Hehe, what would judging do to benefit you but hurt your feelings more? We're just glad to help.


----------



## DerpyTurtle (Jul 12, 2013)

Pfffft there's tons of transgender/genderfluid people in the fandom. The judgmental people are the ones we wouldn't be accepting of.


----------



## jorinda (Jul 15, 2013)

> Pretty much all fursuits look androgynous/unisex to me. Other than  obvious eyelashes, I'm not really noticing any definite female  characteristics. But maybe I'm looking at different ones than you are?


That's because the fur hides body shapes. Even when the fursuit body is made of short fur, the boobs of the person inside will be less visible than in normal clothes. 
My boobs aren't that small, and I still met people who thought I was a guy... until they hugged me and went "Ohmygod I'm so sorry I didn't mean to touch your boobs I thought you were a guy". 
(Which is also why you should avoid touching a fursuiters chest, unless you are 100% sure it is a guy.)

So... be careful when using chest padding. It is a very thin line between "feminine" and "are you hiding two melons in there?"


----------



## Shaloxeroligon (Jul 15, 2013)

I understand that. I just want something that makes me feel feminine, without drawing too much attention. Besides, I'm planning on wearing frilly dresses over my fursuit, so that should make things even more obvious.


----------



## Scaly Fal (Jul 15, 2013)

Well, if you wear dresses over your fursuit I don't see what else ya need to do really. And that's a nice avatar pic by the way.


----------



## Shaloxeroligon (Jul 16, 2013)

Thanks. =)

And yeah, that's why I don't need my suit to be super feminine. The clothes will help.


----------



## Scaly Fal (Jul 16, 2013)

Well I'm just glad to see another dragon in the fandom, I wish there was more.


----------



## Shaloxeroligon (Jul 17, 2013)

True.

Anyway, thanks everyone for the feedback. I will put it to good use when I go about commissioning a fursuit.


----------



## PapayaShark (Jul 17, 2013)

I would't do much chest padding(maybe just a tiny bit, or use a bra with chest forms under the suit), but I would do hip padding.

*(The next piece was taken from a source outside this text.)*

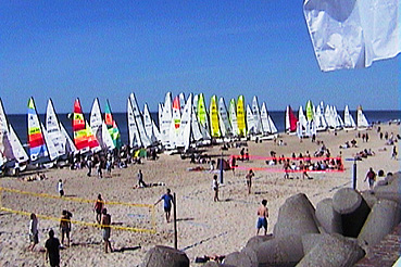 Das letztjährige Sylter Pfingstwochenende stand ganz im Zeichen eines wassersportlichen Top-Events: Drei Tage lang wurde die Westküste vor Westerland Schauplatz der Hobie Catamarane. Bereits zum fünften Mal wurde in der Hobie 16 Klasse die deutsche Meisterschaft und eine internationale deutsche Bestenermittlung der Hobie Tiger-Segler vor dem Brandenburger Strand ausgetragen. Bei supersonnigem Pfingstwetter und Windstärke 2 bis 3 am Samstag strahlten Organisator Willy Trautmann und Moderator Sönke Nielsen um die Wette. |

Looks feminine without looking skanky c:


----------



## jorinda (Aug 30, 2013)

edit: argh, wrong thread.


----------



## MarxxWolfzy (Sep 6, 2013)

I kinda am wondering about this for the reverse way. I'm not trans or anything, but my fursuit character is male but I'm female. I have big boobs and from experience have seen that the shape shows through suits. It's frustrating D: Anyone know what to do?


----------



## LegitWaterfall (Sep 6, 2013)

MarxxWolfzy said:


> I kinda am wondering about this for the reverse way. I'm not trans or anything, but my fursuit character is male but I'm female. I have big boobs and from experience have seen that the shape shows through suits. It's frustrating D: Anyone know what to do?


Start by making your own thread.


----------



## Jabberwocky (Sep 7, 2013)

as long as you don't slap tits to your suit, it's totes ok.


----------



## jorinda (Sep 9, 2013)

LegitWaterfall said:


> Start by making your own thread.



Or look at this one: http://forums.furaffinity.net/threads/136806-Gender-of-Fursuit-and-the-human-inside


----------



## inuraichi (Sep 9, 2013)

MarxxWolfzy said:


> I kinda am wondering about this for the reverse way. I'm not trans or anything, but my fursuit character is male but I'm female. I have big boobs and from experience have seen that the shape shows through suits. It's frustrating D: Anyone know what to do?



Get a chest-binder. T-kingdom has the best ones, they have affordable price-ranges depending on the type of binder you want, they're amazingly comfortable to wear, and they're worth every penny  I'm an avid crossplayer also with big boobs so I talk from experience. You can buy them at their site btw.


----------